But so what? We’re all guilty, right? Popular myths are surprisingly common. But as they say, ‘in the information age, ignorance is a choice’. We can no longer uncritically repeat embarrassing fictions with such blind confidence.
Business intelligence truisms that need revisiting
Myths and misconceptions are common in business intelligence (BI) too. Essentially they’re hangovers from a time when BI executed slow disk-based operations using structured, hierarchical query logic, and used all sorts of workarounds and compromises (cubes, data warehousing and reports) to deliver imperfectly on the promise of information at your fingertips.
Today, all the business intelligence action happens in user-driven ‘data discovery’, not IT-driven report compilation. In-memory calculations and associative query logic deliver lightning-quick answers, with the added bonus of a tiny BI footprint, so queries can be done on the fly on mobile devices. Tools are easy to use and visual, balanced with governance (data integrity and security) to satisfy IT’s need for control.
In the new world of data discovery – business intelligence that anyone can do, we no longer need to believe and evangelise the following outdated platitudes:
1. Only decision-making managers need business intelligence
The hierarchical architectures of older BI stems from a hierarchical view of the enterprise. Today, people at every level of the organisation have access to information and decision-making, increasing the need for a wider BI footprint.
2. Good reporting = good BI
Reporting is static information delivered to a large number of people or an organisation’s top echelons. It is impossible to ‘interrogate’, which is what good BI does.

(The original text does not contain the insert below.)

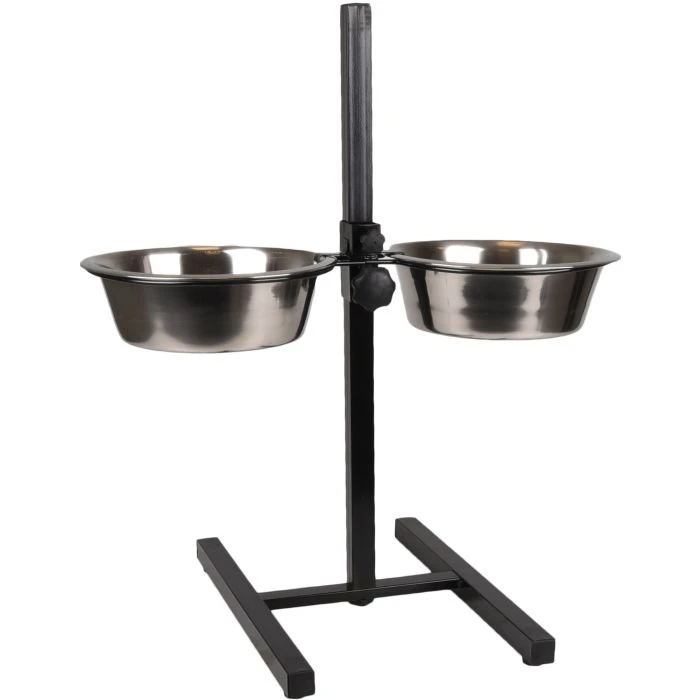 Support d’alimentation ergonomique car réglable en hauteur avec 2 gamelles en acier inoxydable, diamètre 21cm (1500ml).

3. Fast in-memory business intelligence will fix the adoption problem
In-memory BI is important for sure. But speed alone won’t fix the problem of poor BI adoption if usability and desirability isn’t addressed as well. Make it fast, easy and flexible, and you just might be in business.
4. We don’t have the analytical skills
Why pay analysts or data scientists to interpret data? Human have evolved natural analytical capabilities, including pattern recognition (distinguishing between clumps and single dots), outlier detection (noticing something different about a room) and categorisation (relevance detection). Tools should adapt to leverage this.
5. We need more visuals to help people “get” data
Yes, visualisations merit a lot of attention by vendors, but a picture alone is not sufficient. Some tools have gorgeous visualisations but don’t allow drilling down into data sets, and obviously that is anathema with today’s gadget-empowered, Internet-informed, application-savvy employee-consumers.
6. Better access to data = better decision-making
Actually, having all the information in the world at their disposal did not help bankers to avert the sub-prime mortgage catastrophe and 2009 financial crash. One needs to be able to use data to gain insight.
New rules, new tools
Visionary author Malcolm Gladwell has said it takes around 10 000 hours of practise to attain mastery. The goal of BI vendors should be to take that out of the equation with tools that enable quick mastery.
That age is already upon us with business discovery platforms that deliver timeous, high-value, intuitive analytics for the many. The age-old ideas of business intelligence simply don’t cut it anymore.
* Based on a keynote delivery at the Visualise Your World conference (Johannesburg, 11th Nov 2014).